Just wanted to give props to Doug Thompson and Thompson Lathe tools. I ordered (after hours on Friday) a bowl gouge and handle from Doug and it was waiting for me when I got home tonight, engraved and all. Don't see service like that much anymore. Can't wait to get into the shop tomorrow and put it to wood. :thumbsup:


----------



## john lucas (Sep 18, 2007)

Doug is a hard worker and dedicated to what he is doing. I love his tools.


----------



## New Yankee (Oct 31, 2010)

Doug has the best tools on the market and great service.


----------



## tcleve4911 (Dec 16, 2006)

I keep hearing Doug Thompson and really thinking about going that route.
I'm just starting out so I was wondering if you'd share the cost.
I'm thinking my first purchase of a 1/2" bowl gouge.


----------



## sawdustfactory (Jan 30, 2011)

Here's a link to Doug's site. 
http://www.thompsonlathetools.com/
I got the 1/2" bowl gouge and a handle, so total was $120 with shipping (and engraving).
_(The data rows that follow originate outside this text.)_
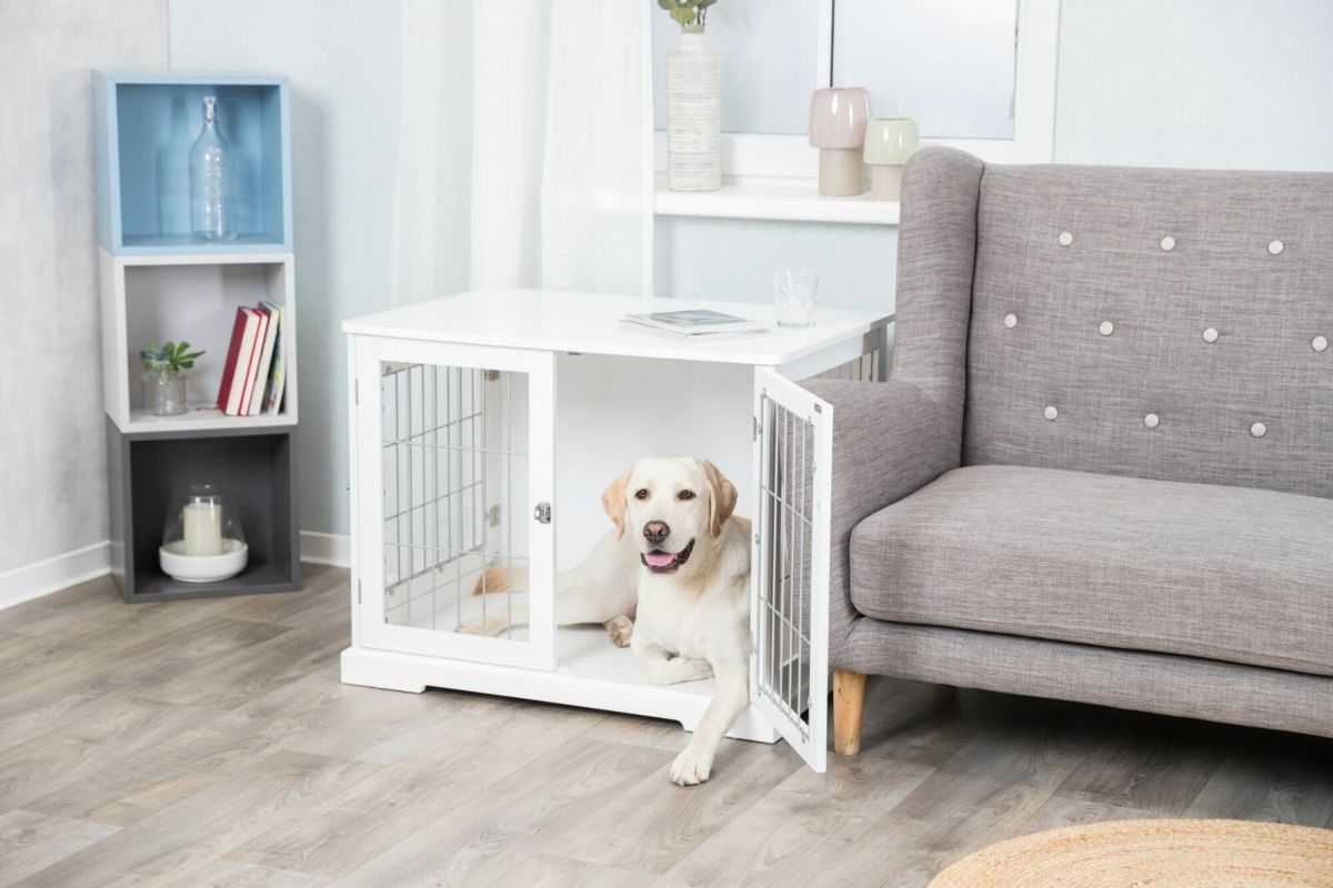 クラシックな家具デザインで、インテリアにも馴染むペット用クレート兼サイドテーブル 犬用 ケージ TRIXIE トリクシー ウッド&ワイヤーペットクレート Sサイズ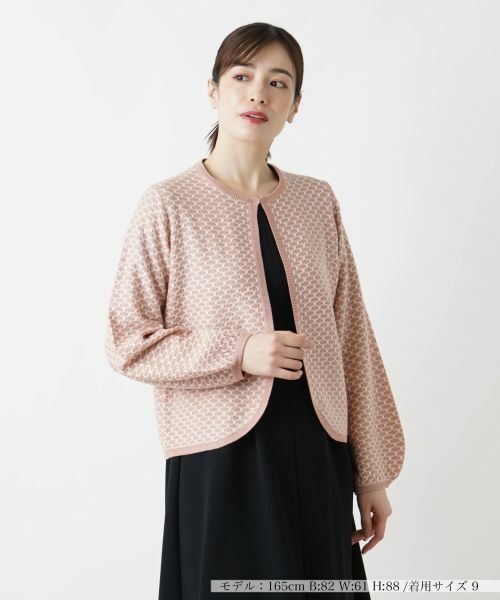 オプティカルな模様が視線を集める、ボレロ風デザインのカーディガン。ゆったりとしたボリュームスリーブが、動きやすさとリラクシーなムードを引き出し、ラウンドヘムが柔らかなニュアンスをプラス。首元はホック留め仕様で、すっきりとした印象をキープしつつ簡単に着脱可能。ロングワンピースに重ねることで、上級者らしいレイヤードスタイルが完成し、カジュアルからエレガントなシーンまで幅広く活躍する一枚です。------------------------------------着用シーズン:冬伸縮性:あり透け感:色によりありポケット:なし生地の厚さ:やや薄手裏地:なし-------------------------------------※商品の色味は、撮影場所や光のあたり具合、お客様のお使いの機器により色味が違って見える場合がございます。予めご了承ください。家庭洗濯不可漂白不可タンブル乾燥不可アイロン低温120℃まで石油系溶剤ドライクリーニング弱ウェットクリーニング不可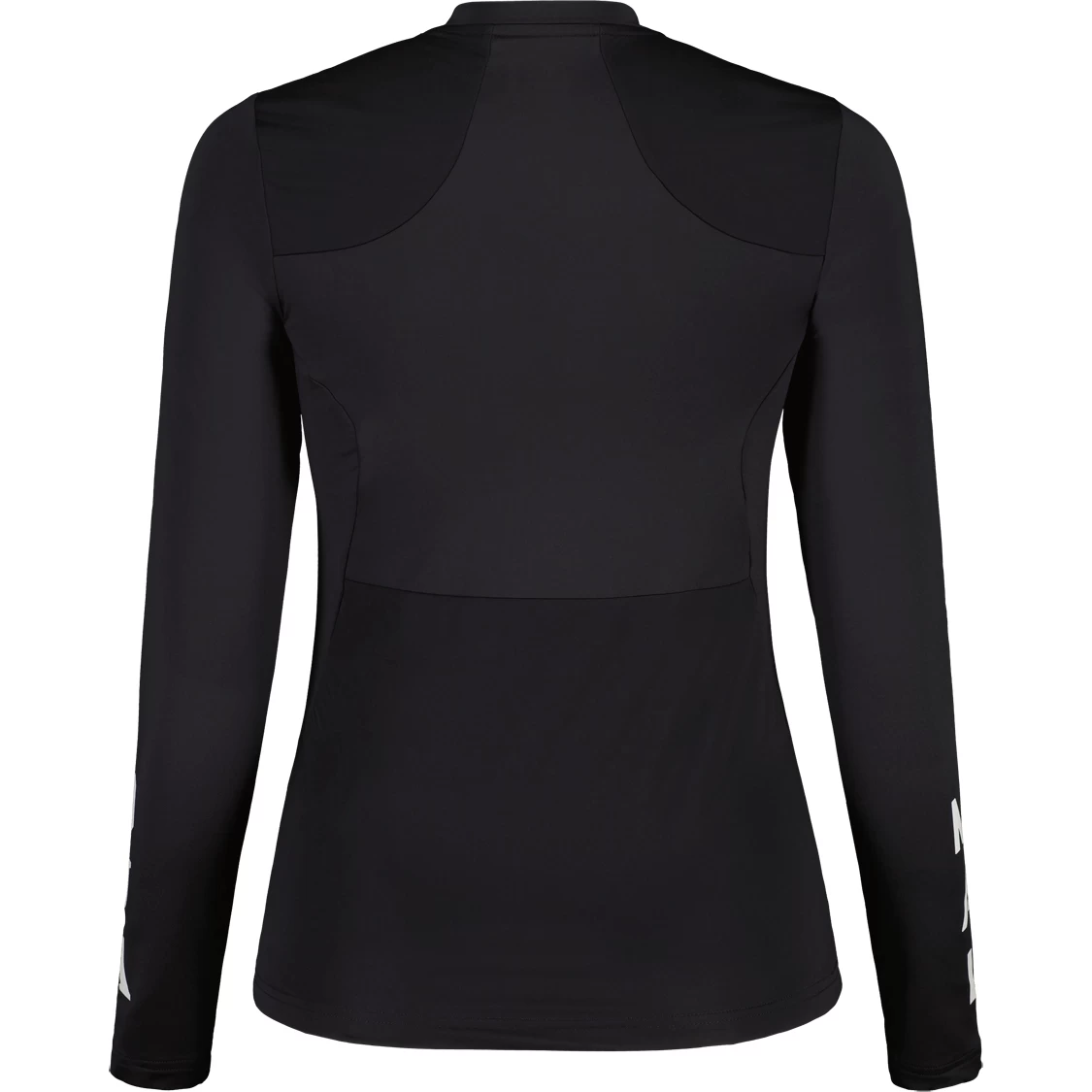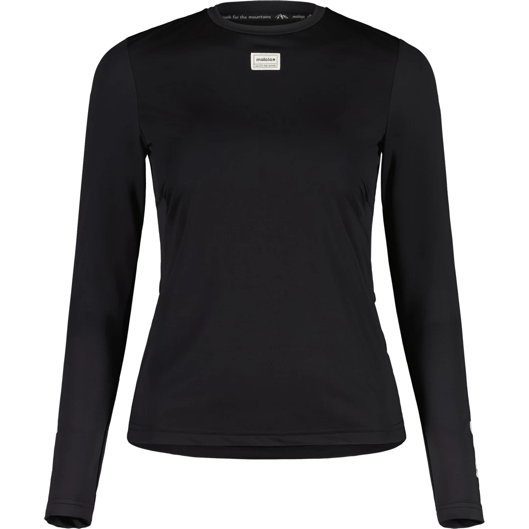 Eng geschnittenes, bi-elastisches Multisport-Undershirt für Frauen aus schnell trocknendem Polyester, die Front ist winddicht, großteils recyceltes Material. Geteilter Maloja-Schriftzug auf den Unterarmen.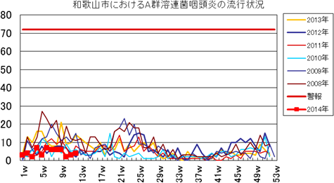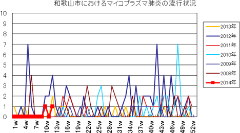 和歌山市の患者報告数は、2014年10週1件、12週1件です。2013年第2・3週は0件、第4週は1件、第5週以降は0件でしたが、第12週2件(定点あたり0.67)、第14・15・16週1件、第27週1件、第30・33週・35・43・44週1件、第52週1件(定点あたり0.33)の報告がありました。
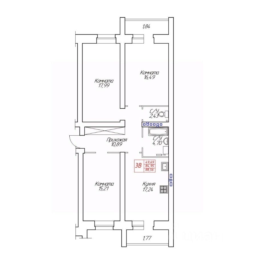 Продаётся 2-комнатная квартира в сданном доме (Устюженская улица, 14), срок сдачи: I-кв. 2025, общей площадью 88.56 кв.м., на 1 этаже. Пространство новой жизни! Квартиры с отделкой в кирпиче от надежного застройщика, экологически чистый район, дом удален от основных дорог, но в то же время, до центра города можно добраться за 10 минут!
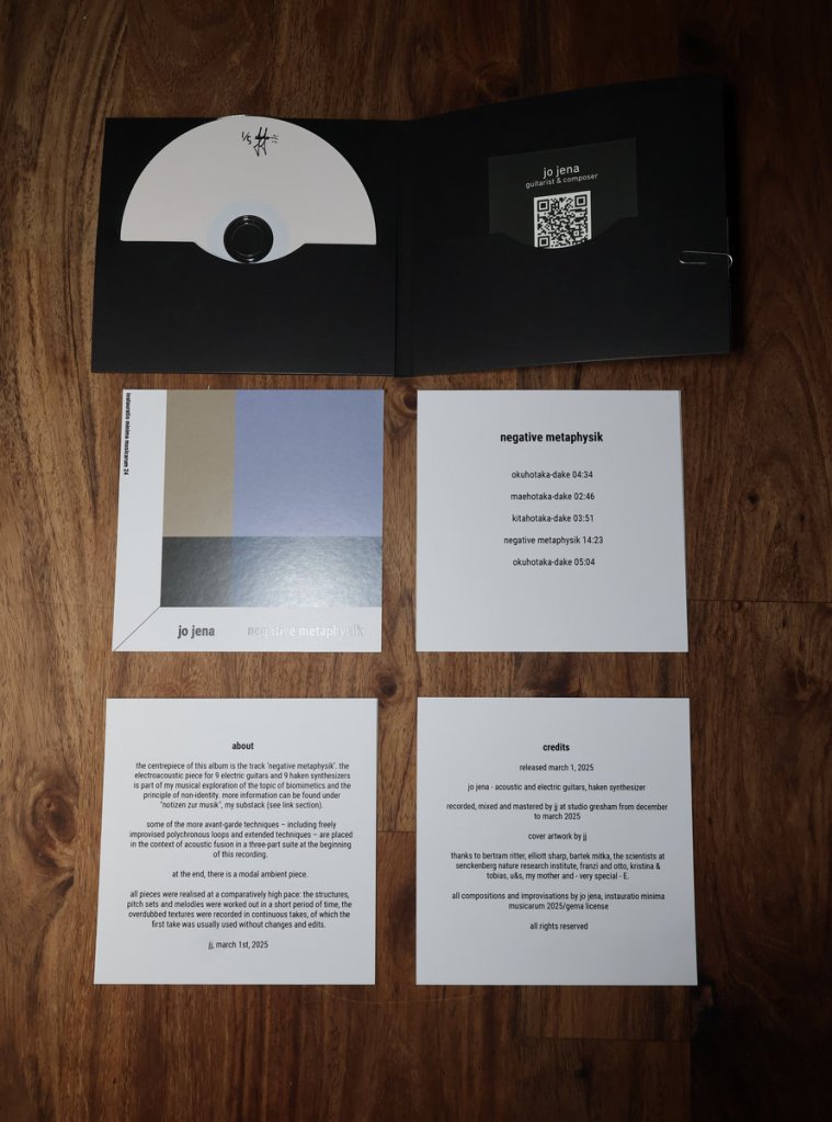 on "negative metaphysik", jena proves even more ambitious. central to the album is the title track, which runs to almost a quarter of an hour. it is an electroacoustic piece for nine guitars and just as many synthesizers (from the company "haken"). the fact that jena wishes to explore ‘the topic of biomimetics and the principle of non-identity’ may be interesting as background knowledge, but is irrelevant to the perception of the music itself. what might sound like lavish orchestration given the accumulation of eighteen instruments turns out to be an extremely restrained exercise in the shifting of pitches, almost a meditative construction.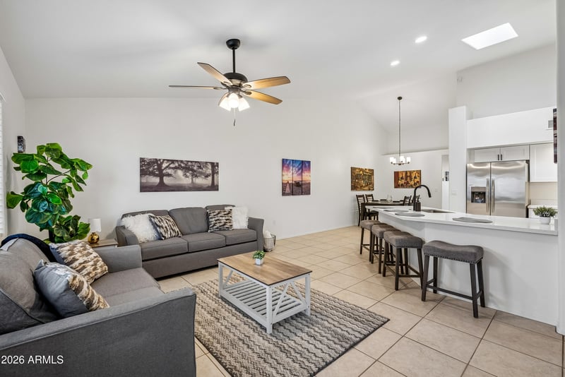 Listing details for 64 63rd St #43, Mesa, AZ 85205 : Remodeled townhome in quiet east Mesa neighborhood! Open kitchen has been completely redone with new cabinets, granite countertops, and plumbing fixtures. Fresh coat of neutral paint throughout. Both bathrooms have new fixtures and vanities with granite countertops. New carpet in bedrooms. Garage floor has a new epoxy finish. Hard to find a spotless remodel at this price point!
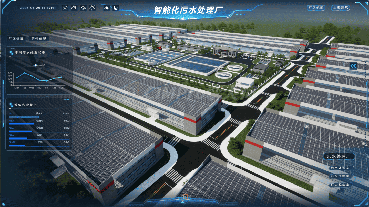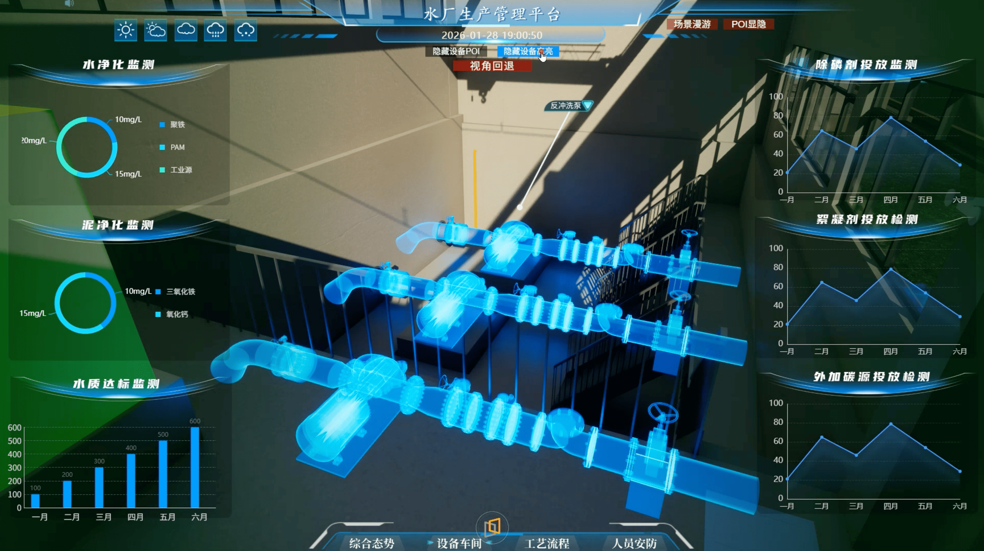 按照真实工艺流程1:1复刻全要素三维模型,包括泵站、水厂、管网系统模型(原水管、输配水管、雨水管、污水管、排泥管等)、关键设施模型(沉淀池、膜滤池、加药间、清水池、变电所等)、环境关联模型(高精度地形、道路、河流等GIS数据、降雨积水区等)等。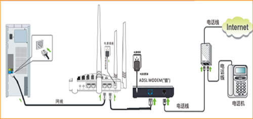 将电话线(比较细的那根线)接猫的line口(比较小的那个口),猫分出来一根网线接路由器的WAN口,再找一根短网线,一头接电脑,一头接路由器1/2/3任意接口,接线方式如下图: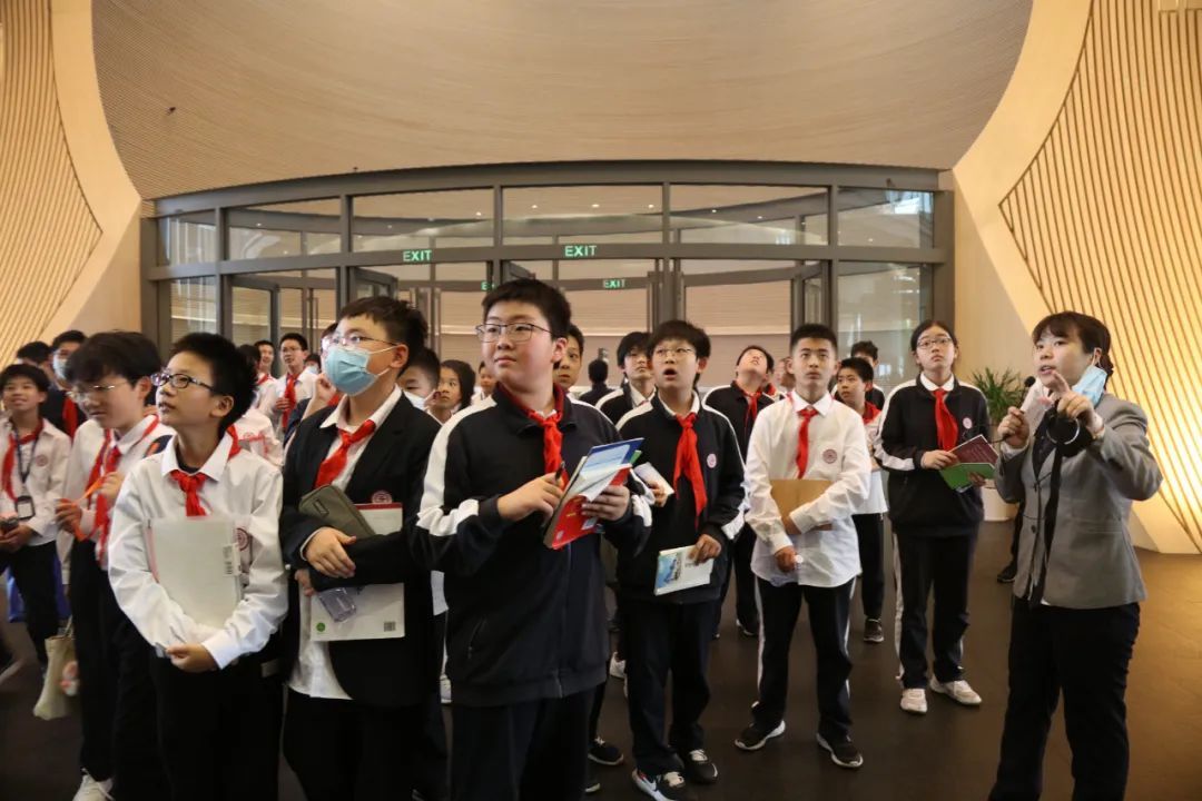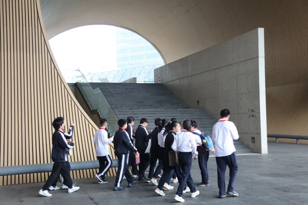 “剧院内部是由五个圆筒相互交错的,刚才我们走进来可以看到它是一个竖向的巨大正圆筒……”走进上海保利大剧院,学生们满眼都是好奇与兴奋。沿着长长的走廊,大家依次来到小剧场和室外剧场,了解剧院使用场景的同时,也感受到建筑的功能性和艺术审美的融合。

A little higher than some of the Sorby or Taylor tools, but I won't need to buy another handle for any other 1/2" tool. Plus I love the fact that the handles are squared off a little, they don't roll around on the lathe or the bench. Well worth the money. I'm already looking at a 5/8" bowl gouge and one of his detail gouges.


----------



## Dvoigt (Dec 6, 2007)

I have a couple of those, 1/2" bowl gouge and a detail gouge... very nice. No complaints at all.


----------



## duncsuss (Aug 21, 2009)

My lovely wife has just ordered a Thompson 1/2" bowl gouge for me as a birthday present ... here's where I have to learn patience, that's over two weeks away :blink:


----------